My 110V input 1 HP VFD is powering my 1 HP electric motor in my Clausing lathe quite nicely.  I am now looking to add an enclosure and I was wondering what I need to include in it to make it the safest and most user friendly as possible.  I am planning on getting a plastic NEMA enclosure with a clear plastic door so i can read the frequency.  I was going to put a knob on it for speed control, possible a stop button if I can mount one sotidly enough.  What else do I need or want to put in that enclosure?

Thanks
Bob


----------



## Kennyd (Feb 25, 2013)

Mine is just mounted on the wall well above the machine, no enclosure.  My speed pot is mounted in the belt cover just to the left of the on/off lever that controls the drum switch.  Without see you exact layout it's hard to give advice, but I would not want to be reaching over the lathe to adjust the speed.


----------



## twstoerzinger (Feb 25, 2013)

First off, I think mounting the VFD in an enclosure is a good idea. Most of these smaller VFDs have a plastic cover which has an IP20 rating. This means the openings are small enough that you cannot get your fingers on high voltage, but little or no protection against dust, flying chips, oil mist, etc. If your shop is like mine, the distance from one machine to the next is small enough that the drive could be contaminated when another machine is in operation. The VFD manufacturer thinks you are going to mount the VFD in a large  panel with a bunch of other components, and probably with provisions for cooling.

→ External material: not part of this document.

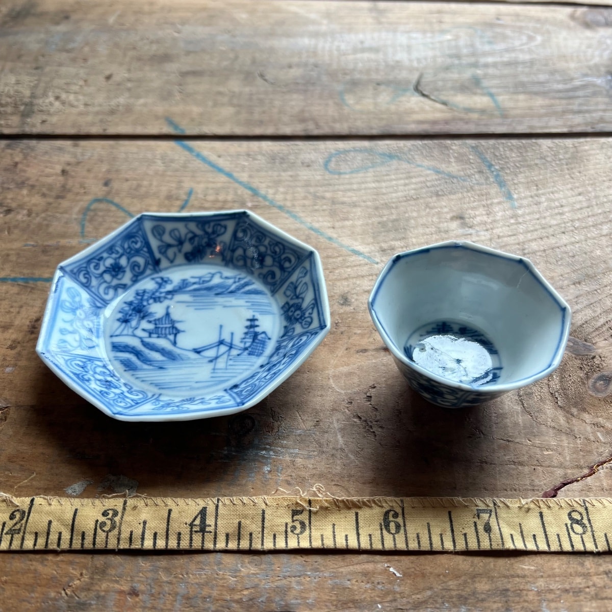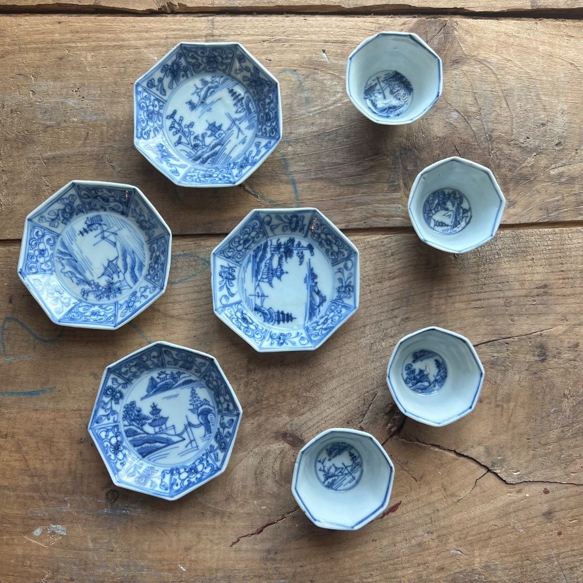 A charming assembly of octagonal porcelain tea or dipping cups (soba choko) and matching small plates (mame-zara) featuring hand-painted cobalt blue landscapes. The faceted shape is a classic departure from the standard round form, designed to catch the light and provide a better grip.

One consideration with putting the VFD in a small enclosure is cooling. Wolf Automation in Chicago publishes a catalog page with their recommended minimum dimensions of panels for the drives that they sell. For a 1 HP TECO drive, they say min dims are 12"H x 10"W x 8" deep, but their chart is for metal enclosures. A plastic enclosure will not dissipate heat as fast as metal. It may be necessary to oversize the box, or to include some ventilation openings - which seems counter productive. I have a 3 HP TECO VFD that I want to mount in an enclosure. I found a 12x9x8 plastic box at a surplus dealer - brand new with no holes. It has a NEMA 4X rating for outdoor exposure, with a gasketed door with SS hinges and latches. Before I butcher it up, I am running an experiment. I fabricated a simple enclosure around the drive made up of a 2 gallon plastic bottle which has about the same dimensions as the plastic enclosure. A Stanley knife and some duct tape was used to get access for the wires and controls. I use my calibrated hand to sense the temp inside test enclosure. This test enclosure has thinner wall thicknesses than the actual NEMA model, but I figure it will get me a good idea of expected temp range. So far I have only found the air in the test enclosure to be around 100F after an hour of running the lathe. I need to find a large diameter piece of scrap steel to really load up the motor and check the temp rise under high load.

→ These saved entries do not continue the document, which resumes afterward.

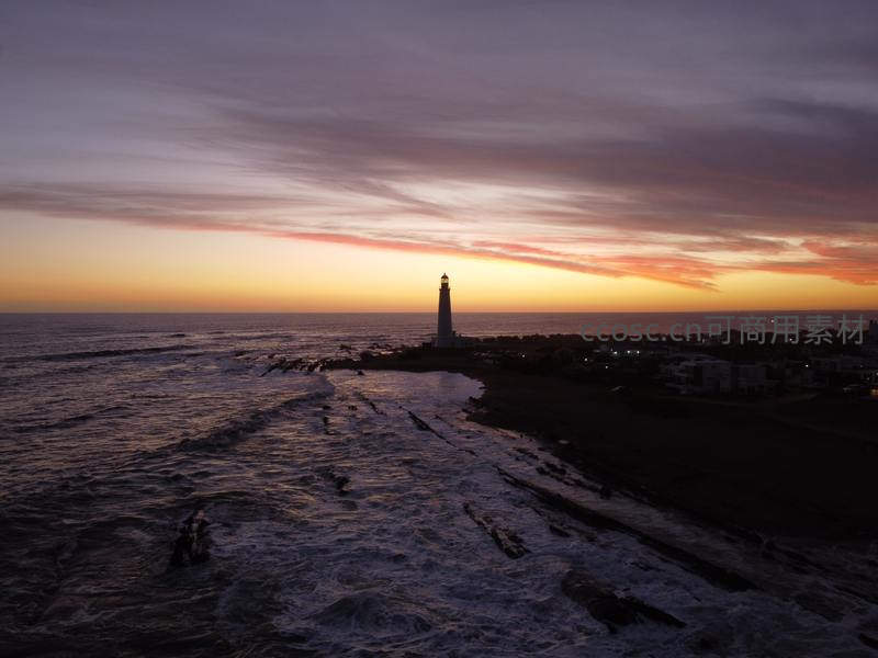 日落时分灯塔剪影映衬绚烂云霞
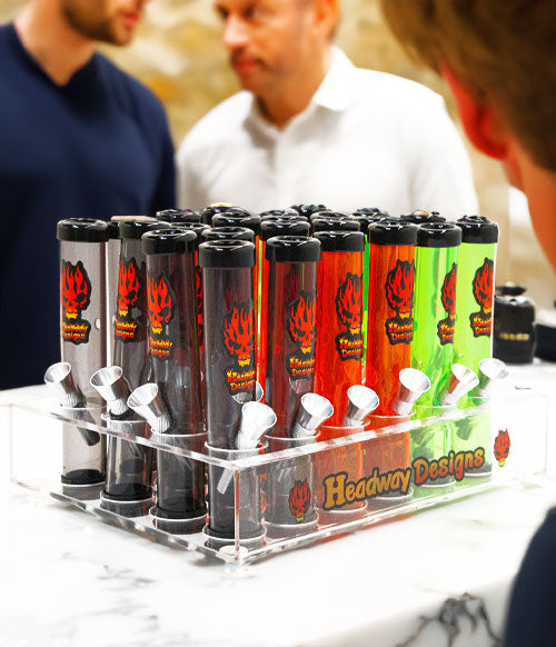 Headway Design Mini Carb Display Kit 24pk are high-quality acrylic eye-catching designed hand pipes. Awesome for spontaneous sessions these pieces are a must-have for any smoker. They are renowned for their large water pipes, featuring 3 foot, 4 foot, and even larger sized water pipes. In addition to delivering premium hits, it is easy to use, with simple cleaning and maintenance.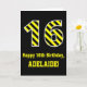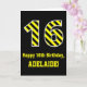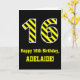 På framsidan av den här roligten och med den snygga födelseteckendesignen finns ett stort nummer "16", med gult och svart rand mönster. Det innehåller också budskapet "Lycklig 16:e födelsedag" och personlig namn. Bakgrunden till framsidan är svart färgad. Insidan innehåller ett hälsning-meddelande från personligens födelsedag, eller kan kanske tas bort och lämnas tomt om ett meddelande ska skrivas för hand i stället. Ett sådant här födelsedagskort i anpassadet kan vara ett roligt för att skicka ett meddelande i firande om någons sextonårsdag. [~Z0000382]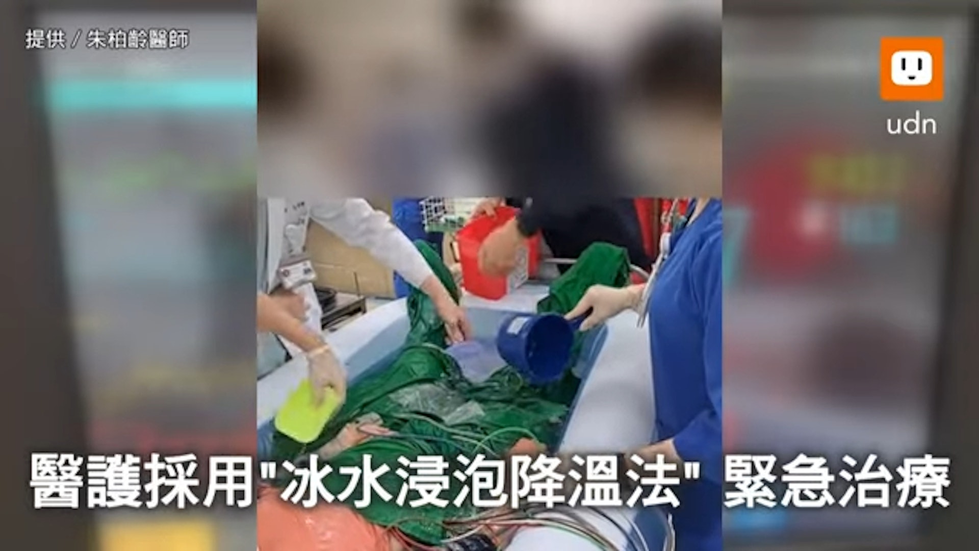 醫護人員讓病人睡在降溫池內,緊急採用「冰水浸泡降溫法」,約經1個多小時搶救,病人體溫降至38.5度才睜開眼睛。(YouTube截圖 / @udn video)公仔箱論壇/ w# M; g8 [7 i6 Y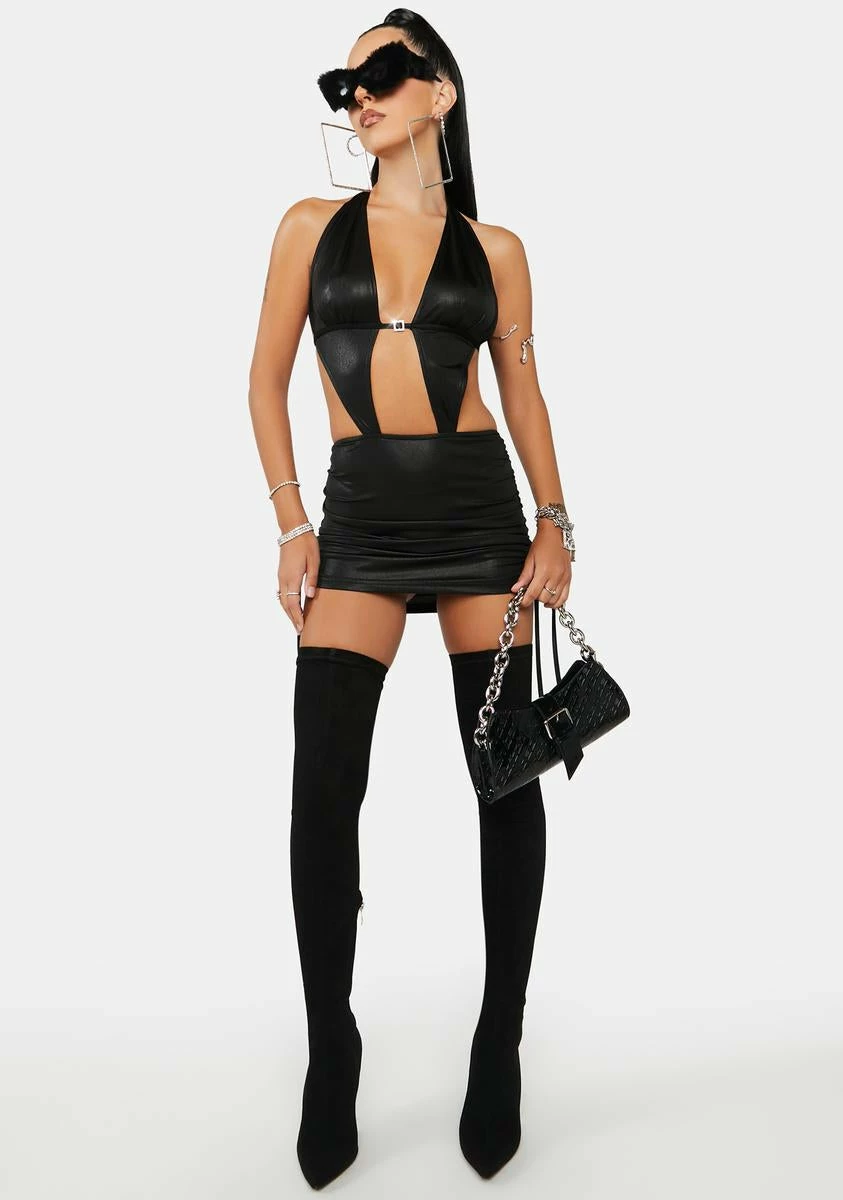 if you wanna get with me, you gotta show me what you’re worth. This mini dress has a metallic finish, a plunging neckline, halter straps, a rhinestone buckle detail, an open back design, and ruching at the hips with adjustable ties.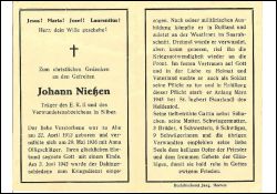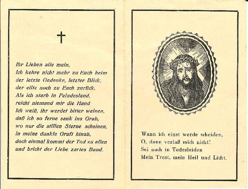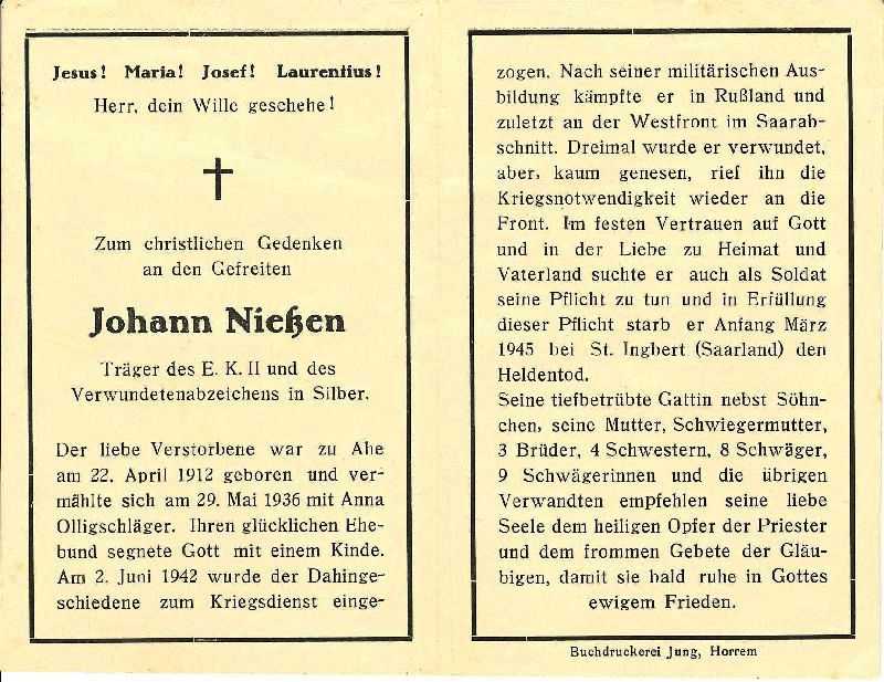 Gefallener 2. Weltkrieg; ∞ 29.5.1936 Anna Olligschläger; 1 K.; 2.6.1942 Einberufung; zuerst in Rußland, dann Westfront im Saarabschnitt; |

I like your idea of a window on the front to view Hz, and function. 

Terry S.


----------



## Pacer (Feb 25, 2013)

I have 3 VFD's, with 2 of them in use some 5 years and like kennyd, none are in an enclosure, just mounted to the back or side. For some time after the first install I fretted about needing to get an enclosure and I was often checking for swarf, heat build up, etc and after months of use was finding that I was fretting over nothing - the units were just sitting their doing their own business, just needing and occasional wipe for common dust like in your house. On one unit, I never got around to mounting a remote pot and the face of the 5 yr old Hitachi is a bit grubby from constantly reaching for the pot on the unit. 

Another factor to consider - at least in my case - is having to do a reset. I occasionally will do something to cause the unit to throw a fault - usually apply power to the unit with the start switch on - this means you have to reach the panel.

Anyhow, for each of us, there is a different way to mount these ....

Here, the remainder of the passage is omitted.